On China’s high savings rate leading to overcapacities and exporting disinflation:
Well, one of the things I disagreed with almost everyone over the last two or three years, remember the view was that China is running out of people and so China will be exporting inflation. Now, my argument all along was China cannot export inflation, they’re a major export of disinflation.
And the reason for that is very simple. China, just like Japan's seventies, eighties, has a very high national saving rate. They're running at about 45%, Just like Japan in seventies, eighties could have put policies in place to consume it, but they didn't. Neither have China.
And so the result is they must invest at least 42%, 43% of GDP. Think of the numbers, that's an equivalent of $9 to $10 trillion invested every year. It's double of GDP of Japan invested every single year. Now, if you invest in that sort of money, it doesn't really matter what you invest in.
You create massive overcapacities. And if you go into niches, things like what Xi Jinping calls “productive forces,” things like electric vehicles, robotics, automation, solar industry, if you go into smaller niches, you almost automatically create three times global demand, if not more.
On China’s options:
They have very limited choices. Either they pivot their policies dramatically, send checks to people instead of building another factory…
Tracy (15:39):
Build a social safety net…
Viktor (15:41):
Yeah, raise universal basic income. They already have universal basic income in China, just raise it and equalize it across the country. So you either do that, but if you're not willing to do that, which they're not, then the only way you can do it is accept that you lost the capital and close the factories.
RCC > Either (1) they stop building that next factory and instead send the money to households or (2) they accept the loss of capital (“fixed capital investment” i.e. the money invested in factories and equipment) and close the factories.
We’d like to clarify, China doesn’t have universal basic income. What China has is subsistence allowances, from which about 44 million people received about $100 a month in Q1 2021.3 These could be increased and equalized.
Back to Viktor:
And we will discover China potentially is a much smaller country than what we thought it was, or the other alternative dump that excess capacity onto other countries. But given the amounts of money involved, there is not much you can dump on Kazakhstan. So there is only UK, European Monetary Union or EU, United States, Japan. There's very few places that can take that sort of capacity.
And so what's happening, those countries are putting up barriers. Now, the reason they're putting up barriers is that China also wants to change the world.
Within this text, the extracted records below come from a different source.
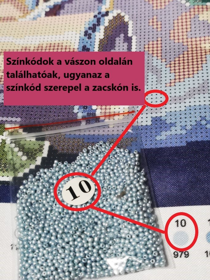 3. A gyöngyszemek színkódolva vannak, a vászon szélén látható, hogy melyik szín hányas számú zacskóban található.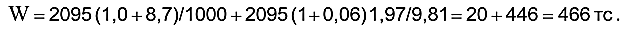 Первое слагаемое этого уравнения представляет сумму основного и дополнительного сопротивлений (от уклона), а второе – сопротивление инерционной силы хвостовой части. Приняв для данного примера массу хвостовой части поезда Qхв = 2095 т, основное удельное сопротивление вагонов "щ = 1,0 кгс/т, удельное сопротивление от подъема i = 8,7 ‰, коэффициент инерции вращающихся масс = 0,06, ускорение хвостовой части поезда а = 1,97 м/с 2 , ускорение свободного падения g = 9,81 м/с2, получим в численном выражении вероятную максимальную величину полного сопротивления вагонов хвостовой части: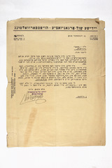 Letter from TSYSHO, the Central Yiddish School Organization in Warsaw to Jacob Shatzky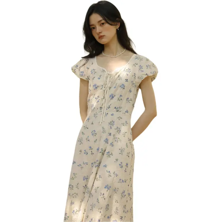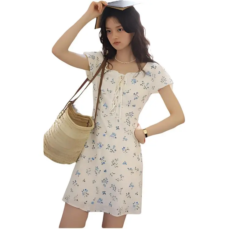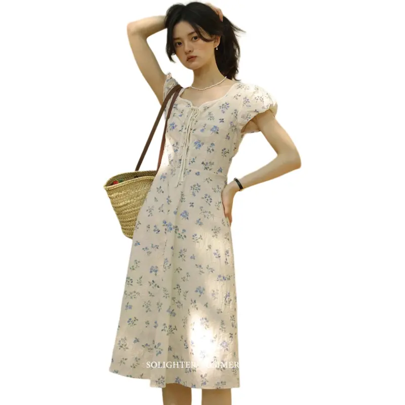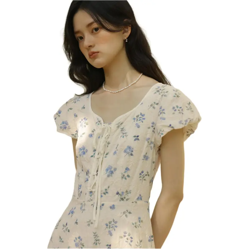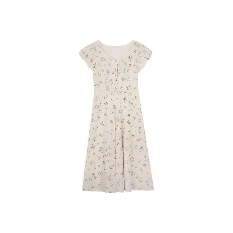SOLIGHTER 반팔 원피스 여성 씨 솔트 블루 프린팅 - POIZON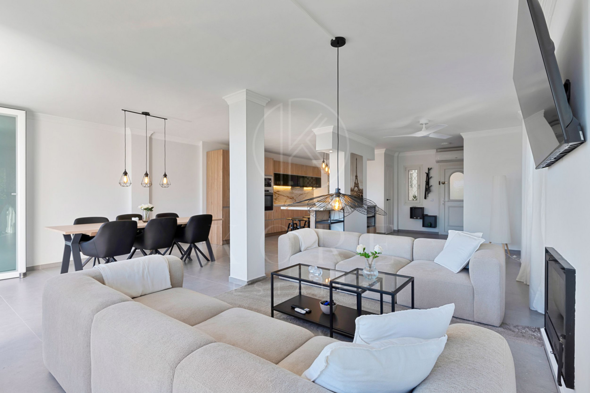 Rodeado de pinos, ofrece mucha tranquilidad, pero está muy cerca de campos de golf, Puerto Banús, Marbella y los mejores restaurantes y tiendas. Desde el momento en que entras, las vistas panorámicas al Mediterráneo son las protagonistas. Además, cuenta con un acceso privado y agradables espacios exteriores cubiertos para disfrutar del clima de la Costa del Sol todo el año.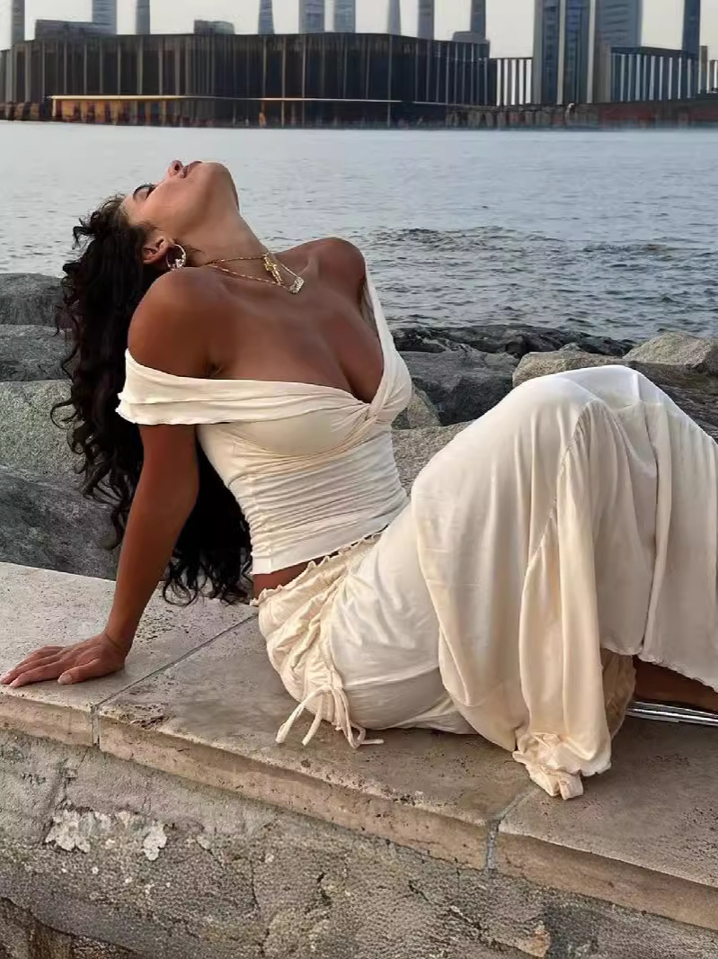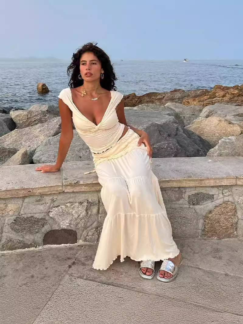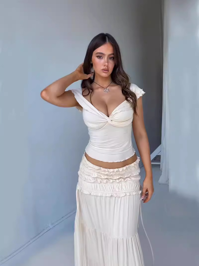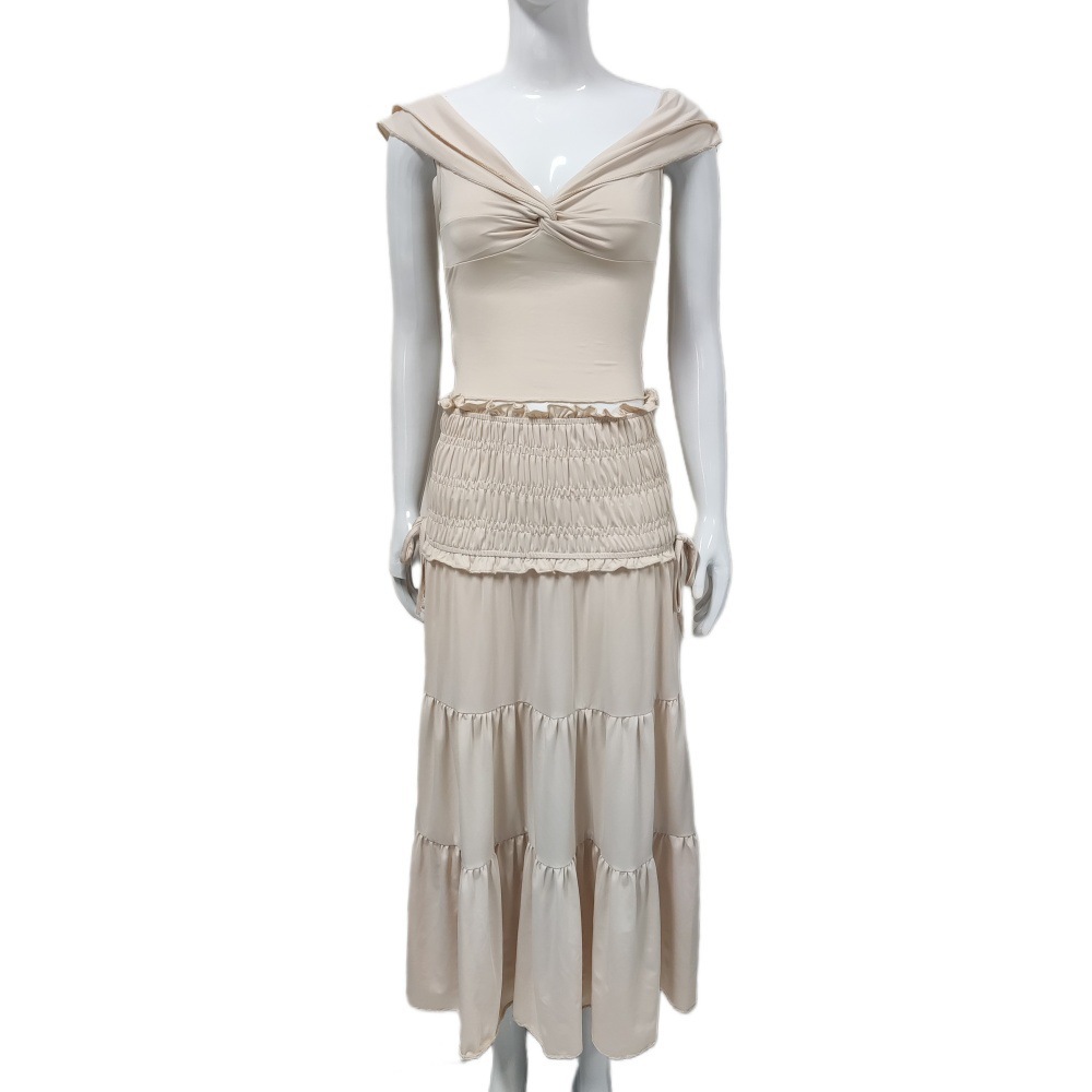 夏季新款女性露脐低胸短款背心法式气质褶皱半身裙女套装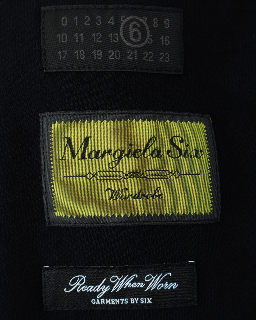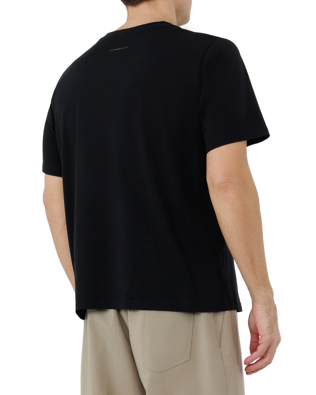Эта футболка — воплощение сдержанного шика. Глубокий чёрный цвет задаёт строгий тон, а система нашивок на груди создаёт интересную визуальную композицию: прямоугольные нашивки разной фактуры и оттенков формируют стильный графический акцент без излишней вычурности. Классический круглый вырез и прямой крой обеспечивают универсальность, а лаконичность отделки подчёркивает современный характер модели. Сочетание минимализма и детализированной проработки делает эту футболку выразительным элементом гардероба.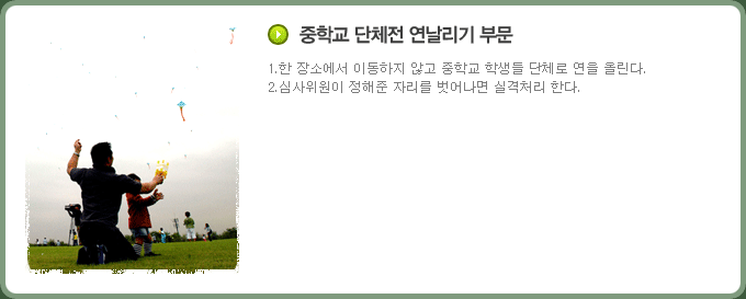 중학교 단체전 연날리기 부문 14:00 ~ 16:00 중학교 단체전
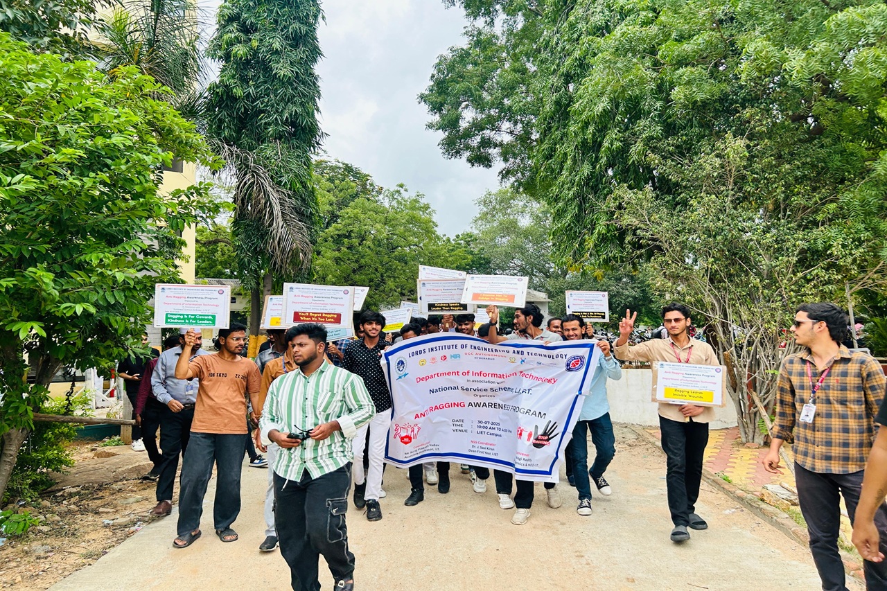 Description: Department of IT in association with NSS, LIET has organized an Anti -Ragging Awareness Program on 30/7/2025 to make students aware about the adverse scenarios of Ragging.Student Coordinators & Volunteers along with the faculty Coordinator have engaged themselves in creating awareness among the II,III & IV Year students of LIET. A rally was also Organized in this regard. The Convener of this program is Dr.K.Nagi Reddy, Dean Academics and HoD IT. Dr.J.Sasi Kiran, Dean First Year & NSS Coordinator had administered the Anti Ragging Oath and all students took the oath.This program was to Again make LIET a Ragging Free Campus.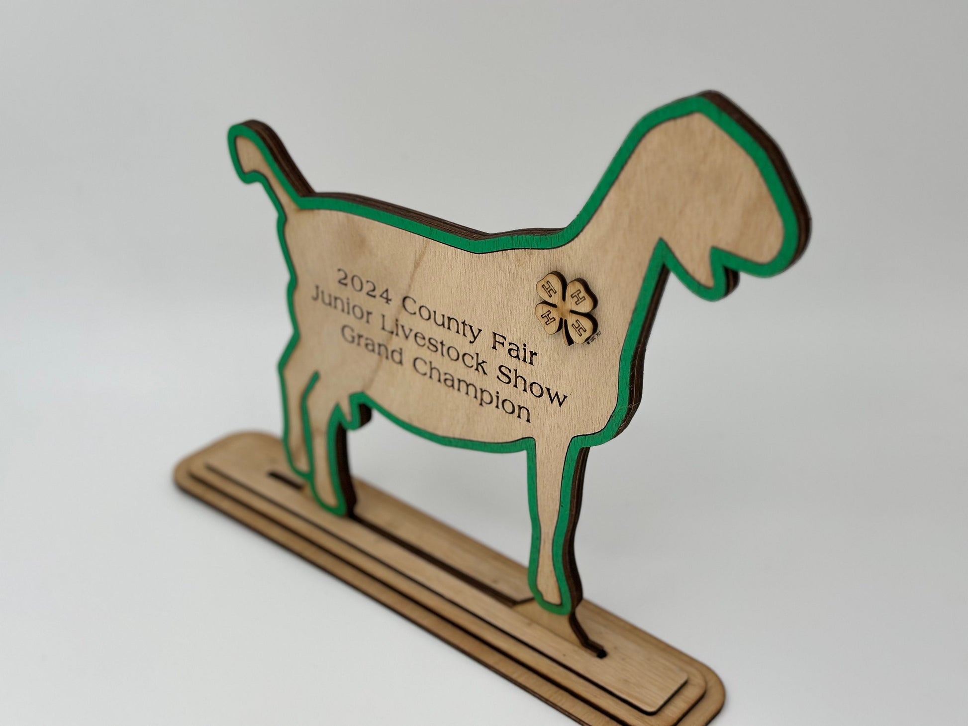 Award our hard-working youth with the trophy they deserve! Text can be customized for any show/class/age/fair. If you don‘t see your animal or have an idea, then let us know. I am making these awards to promote our youth‘s interest in raising animals and family living. Please share your photos of your items when they are all setup for presentation. Made in the USA on our farm in Washington state.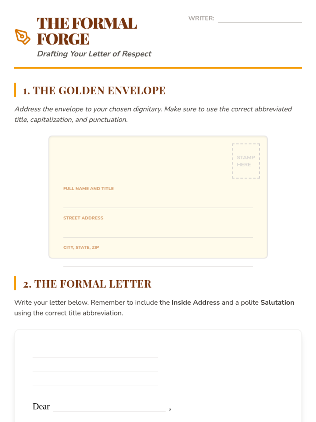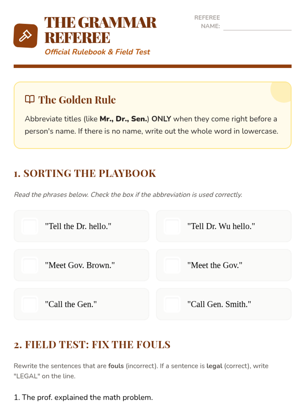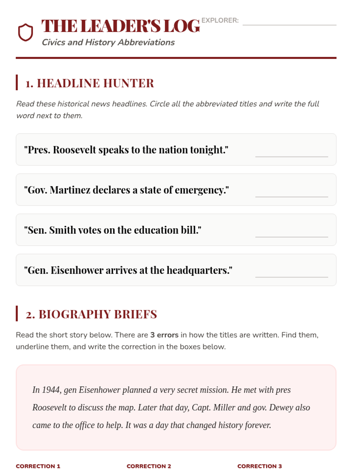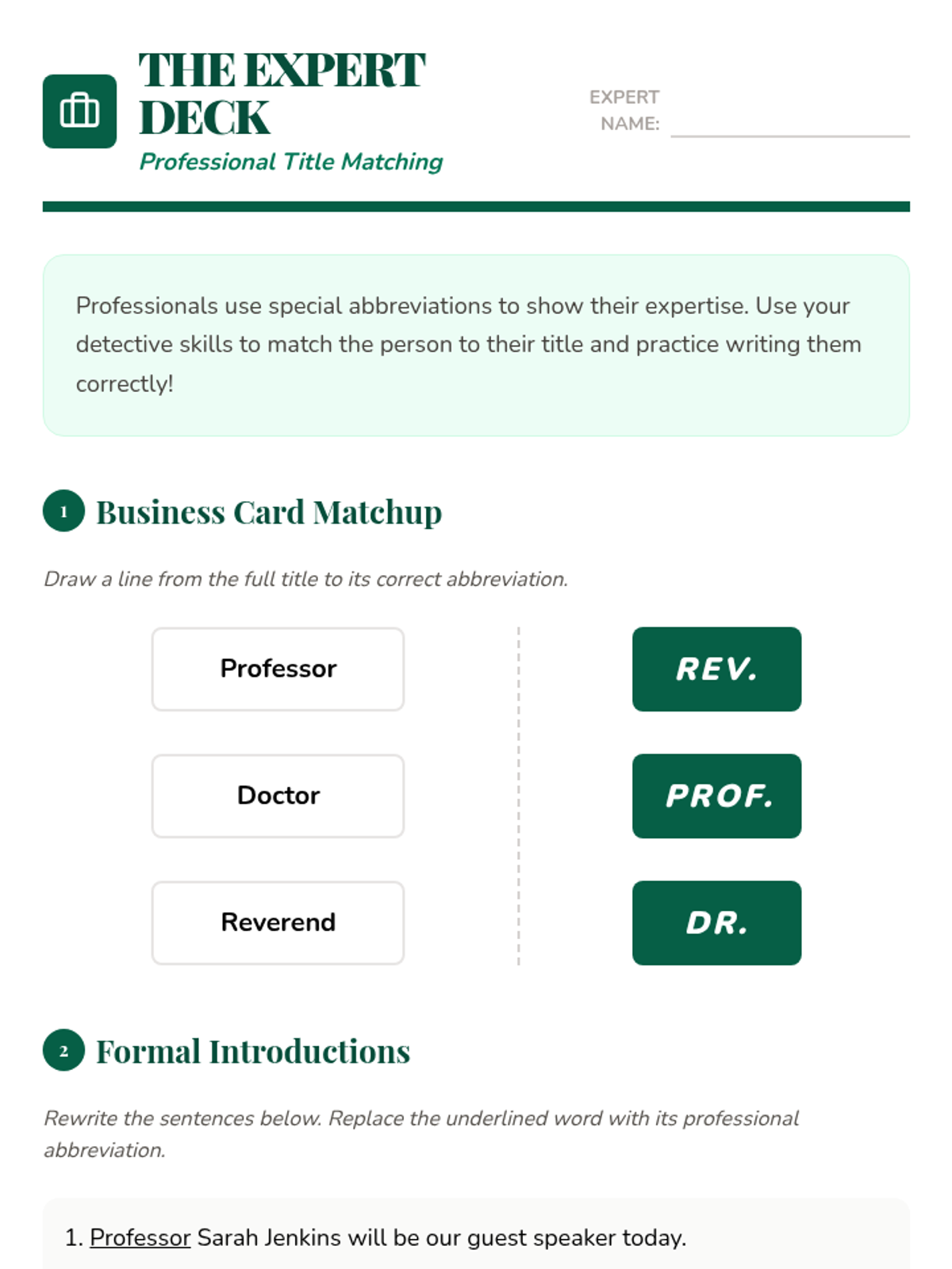 This sequence explores the social and formal rules of abbreviating titles for people. Using a case-study approach, students analyze formal letters, biographies, and business cards to understand how titles like Mr., Dr., and Gov. establish identity and respect. Students practice identifying these titles and writing them with proper capitalization and punctuation. The sequence concludes with students writing a formal letter to a community leader.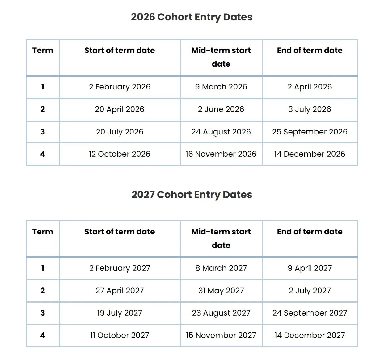 The entry dates for 2026 and 2027 are: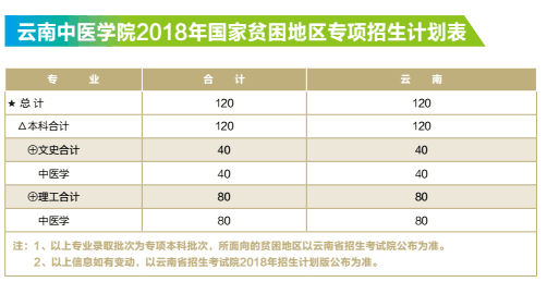 云南中醫(yī)學(xué)院2018年國家貧困地區(qū)專項招生計劃表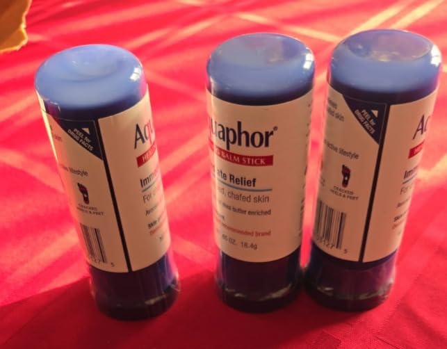 About this item DESIGNED FOR ACTIVE LIFESTYLES: Aquaphor Healing Balm Stick is a multi-purpose skin care product for anyone seeking relief from chapped, chafed or very dry skin and is ideal for active lifestyles SOOTHES IRRITATED SKIN: The Aquaphor Healing Balm Stick can be used as a chafe stick to help prevent chafing and it provides soothing care for dry, irritated skin; friction and windburn; and cracked heels and feet MOISTURIZED AND PROTECTED: Aquaphor Healing Balm Stick contains Petrolatum (a skin protectant) and is enriched with avocado oil and shea butter, leaving skin feeling moisturized and protected CONVENIENT AND MESS FREE: Aquaphor Healing Balm Stick provides a convenient, mess-free application and is the perfect size for your purse or gym bag PERFECT HOLIDAY GIFTS: Ideal for holiday gifting, the Aquaphor Healing Balm Stick makes a perfect addition to any skin care gift set INCLUDES: One (1) 0.65 ounce Aquaphor Healing Balm Stick, Skin Protectant › See more product details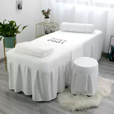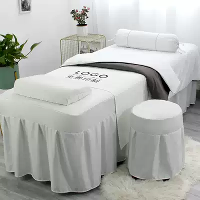 Beauty bed cover four-piece set Solid color light luxury beauty salon special massage therapy skin management bed cover printed logo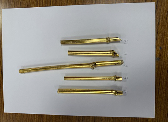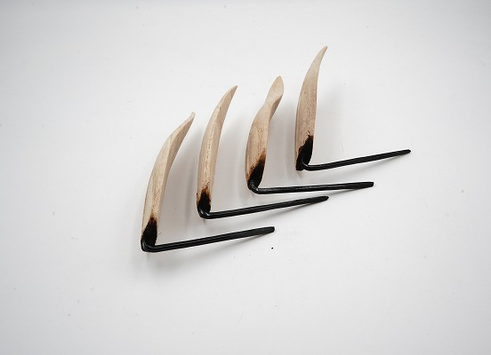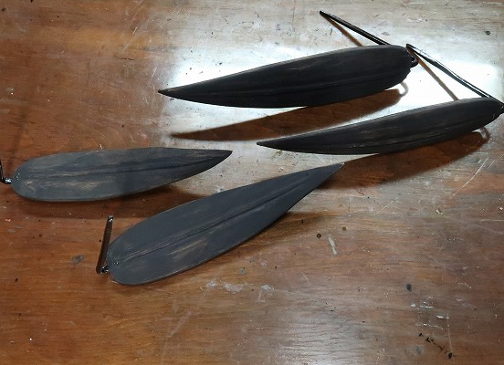 次に笹の茎部分の鉄軸部分においても、ピアノ線を熱し、鍛造して先端の平な部分を整形するとともに焼き入れを行った。次に漆を焼き付けした。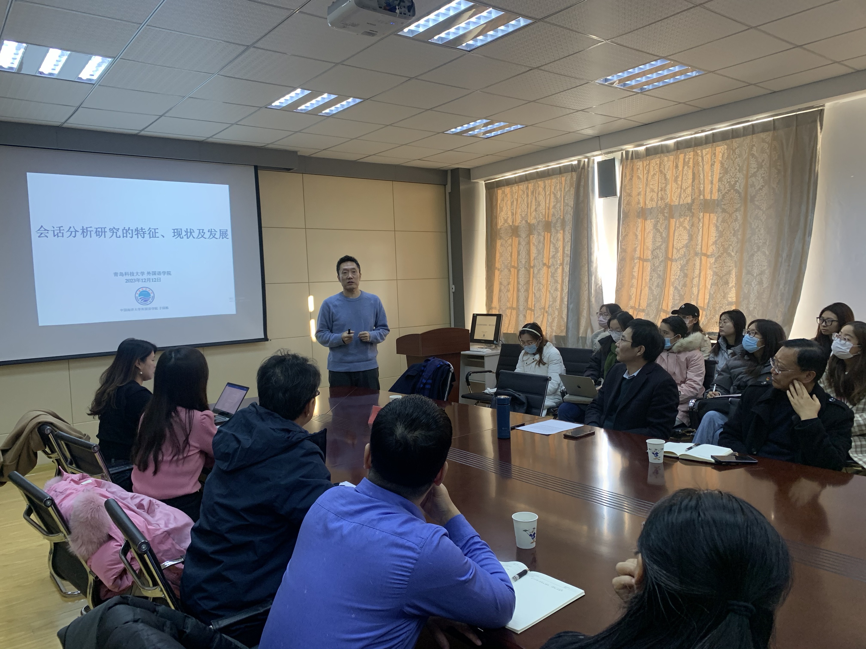12月12日下午,中国海洋大学bw必威西汉姆联官网博士生导师、bw必威西汉姆联官网经理于国栋教授应公司邀请,在外语楼517会议室做了题为《会话分析研究的特征、现状与发展》的学术讲座。讲座由经理尹洪山主持,公司部分骨干教师和研究生聆听了讲座。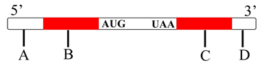 33.Identify A, B, C, D in the following representation of m-RNA of eukaryotes

They want to redesign everything, whether it's human rights, information, whether it's the role of state versus individual, whether it's [the] role of state subsidies, trade rules, they want to change everything.
So if China did not try to change world, I think the extent to which the barriers would've come up would not have been as aggressive. But now China has a Catch 22. Barriers will come up, which means it's harder to sell that excess capacity. You don't want to recognize the loss of the capital.
RCC > We think this point about China trying to change the world is important. The fact is US, UK, EU, Japan, etc. have been consumers of Chinese exports for a long time now. If China wants to change the status quo that those countries seemingly hold dear, why should they continue to allow open access for Chinese goods?